2003-02-21 Thread Eduard Bloch
#include hallo.h
* Raphael Hertzog [Fri, Feb 21 2003, 12:48:11AM]:

 Ok, I'm tired, I'm sure I could have find dozen of other questions like
 those five ... but I'll let other people continue with questions like
 that if they like it.

Okay, let me ask some other questions...

 6. Many people complaint that the pool is too bloated, priorities too
generic, too many packages to pick the right one from the list...

 [ ] making some packages be more important to others is bad and will
 make create some kind of elite and second class packages
 [ ] we need a way to priorize the packages, review them, set keywords
 on the package (desktop/edu/demudi/...) and setting the appropriate
 priority for the target user group
 [ ] the problem exists but I hope someone will fix it after my DPLship
 [ ] there is no problem, the current system is just right

 7. There are lots of backport series for Woody environment because
people do not want to wait two years for a simple update, eg. when
their software is not supported by ancient versions in Woody...

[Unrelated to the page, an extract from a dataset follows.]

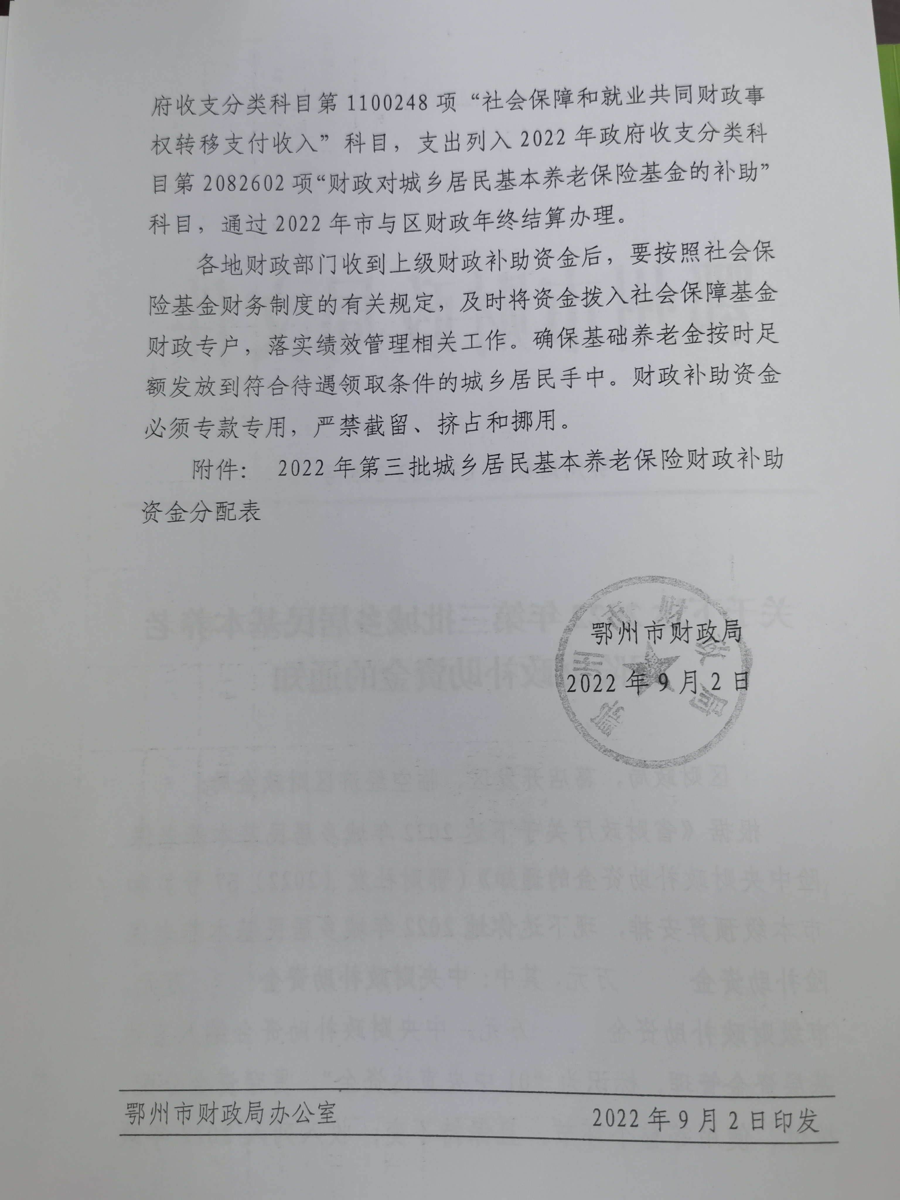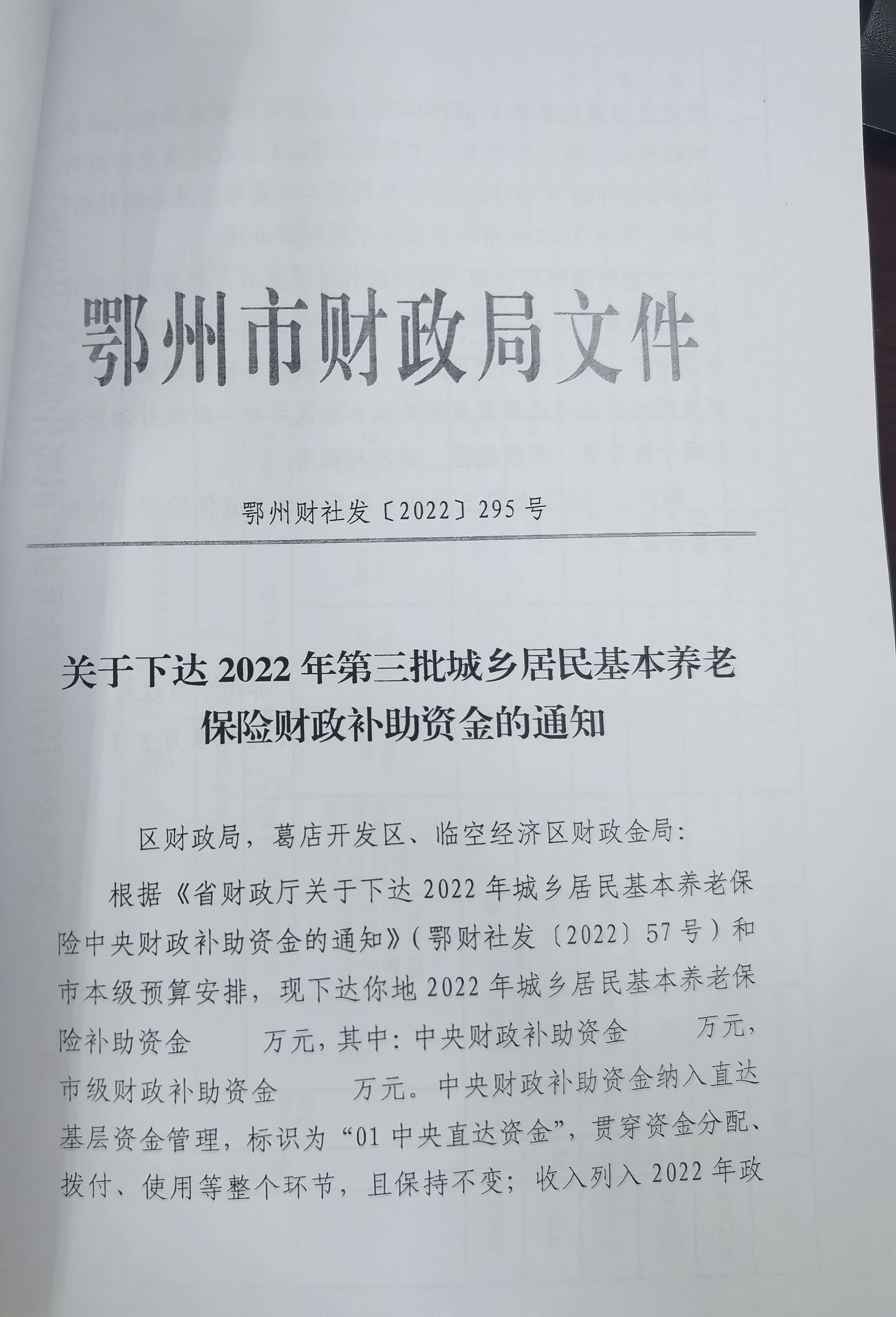 根据《2022年第三批城乡居民基本养老保险财政补助资金》(鄂州财社发[2022]295号)精神,经区委区政府同意,现就提前下达预算指标有关事项通知见附件。

 [ ] there are no problems with Woody!
 [ ] we should try to legalize such efforts and create a semi-automatic
 system, similar to Raphaels former Debian-Working concept
 [ ] those are not the users we want
 [ ] such people should shut up and wait a bit

Gruss/Regards,
Eduard.
-- 
Ich gehe davon aus, daß Adressen nur dann sinnvoll
sind, wenn Adressen eingetragen sind.
-- Oliver Zendel



Re: Questions for all candidates

2003-02-21 Thread Eduard Bloch
#include hallo.h
* Eduard Bloch [Fri, Feb 21 2003, 10:18:12AM]:

 their software is not supported by ancient versions in Woody...

...or hardware...

Gruss/Regards,
Eduard.
-- 
Atomkraft, strahlender Glanz ohne Abtrocknen.